#### PROBLEM STATEMENT:
With the pictures left out, retype exactly the lines below starting at the line that contains "Place bowls of" and ending at the line that contains "状态不佳,里皇打铁。里夫斯40分钟15分8板7助攻,投篮命中率37.5%。".

#### DATA PROVIDED:
--------------------

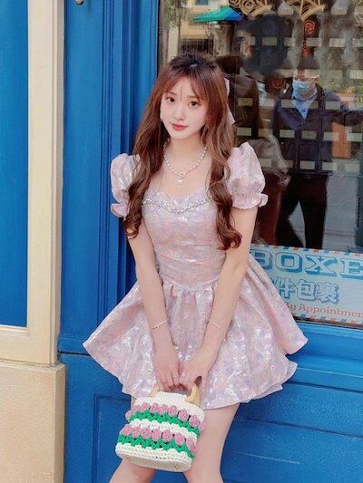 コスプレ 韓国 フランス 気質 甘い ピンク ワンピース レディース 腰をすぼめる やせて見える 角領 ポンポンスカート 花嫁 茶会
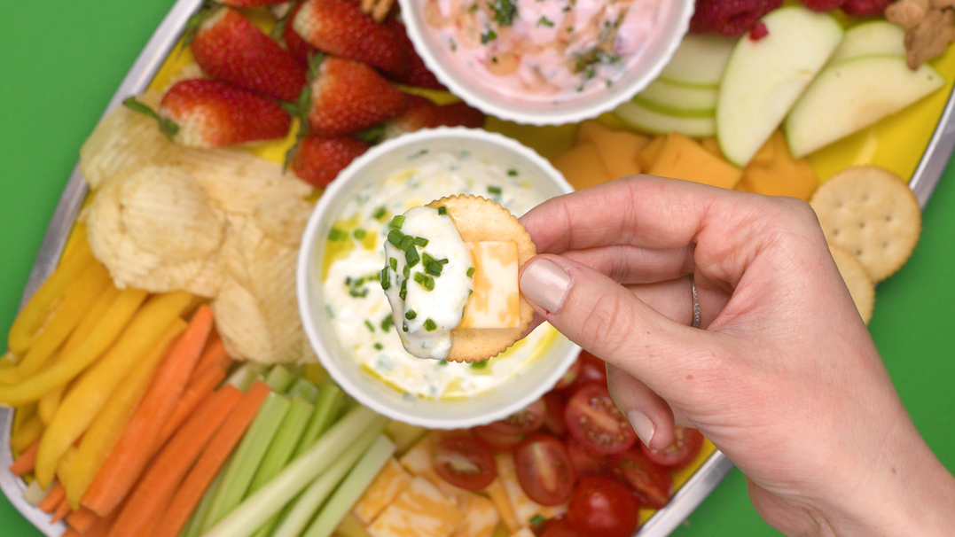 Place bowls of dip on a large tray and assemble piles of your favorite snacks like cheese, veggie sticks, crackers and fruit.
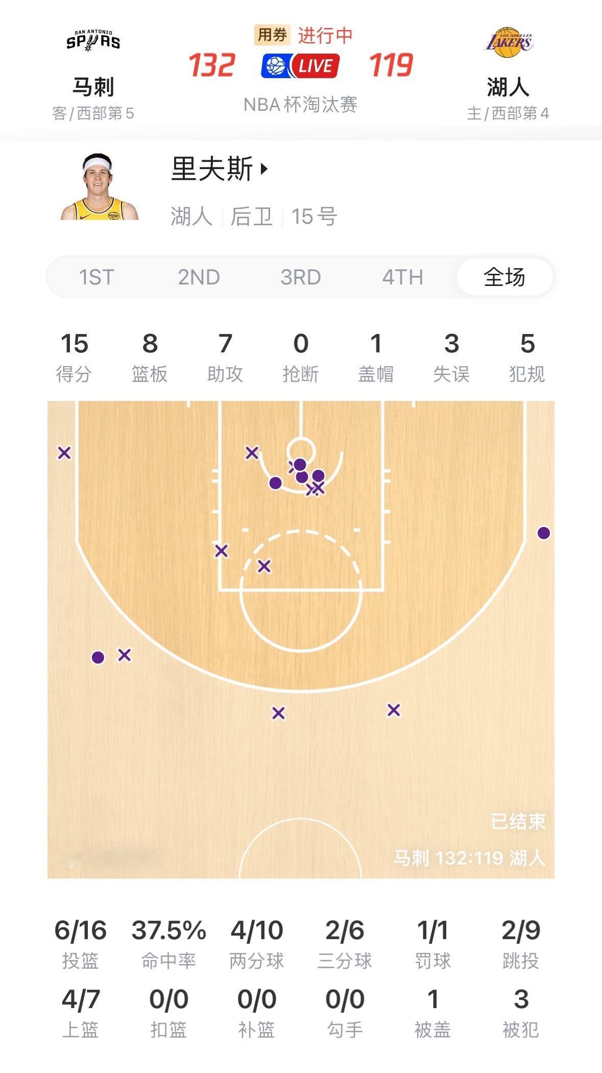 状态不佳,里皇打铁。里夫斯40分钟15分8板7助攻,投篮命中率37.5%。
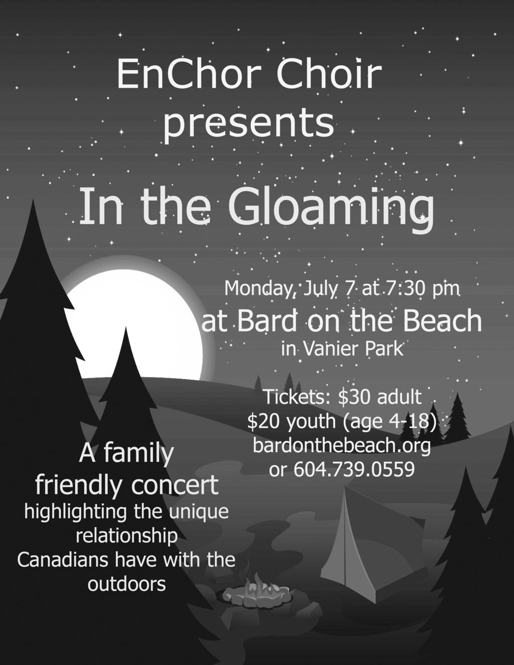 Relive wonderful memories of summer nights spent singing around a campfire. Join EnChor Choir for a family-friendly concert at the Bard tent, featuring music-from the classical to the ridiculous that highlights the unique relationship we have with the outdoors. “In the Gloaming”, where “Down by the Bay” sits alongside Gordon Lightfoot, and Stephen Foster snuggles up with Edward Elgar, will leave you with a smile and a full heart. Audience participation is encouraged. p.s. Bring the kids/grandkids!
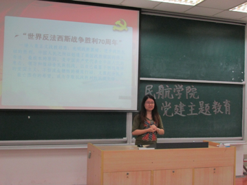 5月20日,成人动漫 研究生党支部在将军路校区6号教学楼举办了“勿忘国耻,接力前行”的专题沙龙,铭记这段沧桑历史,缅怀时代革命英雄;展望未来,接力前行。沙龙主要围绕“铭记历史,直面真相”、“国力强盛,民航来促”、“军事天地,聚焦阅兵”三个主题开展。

--------------------

#### FINISHED EXERCISE:
 Place bowls of dip on a large tray and assemble piles of your favorite snacks like cheese, veggie sticks, crackers and fruit.
 状态不佳,里皇打铁。里夫斯40分钟15分8板7助攻,投篮命中率37.5%。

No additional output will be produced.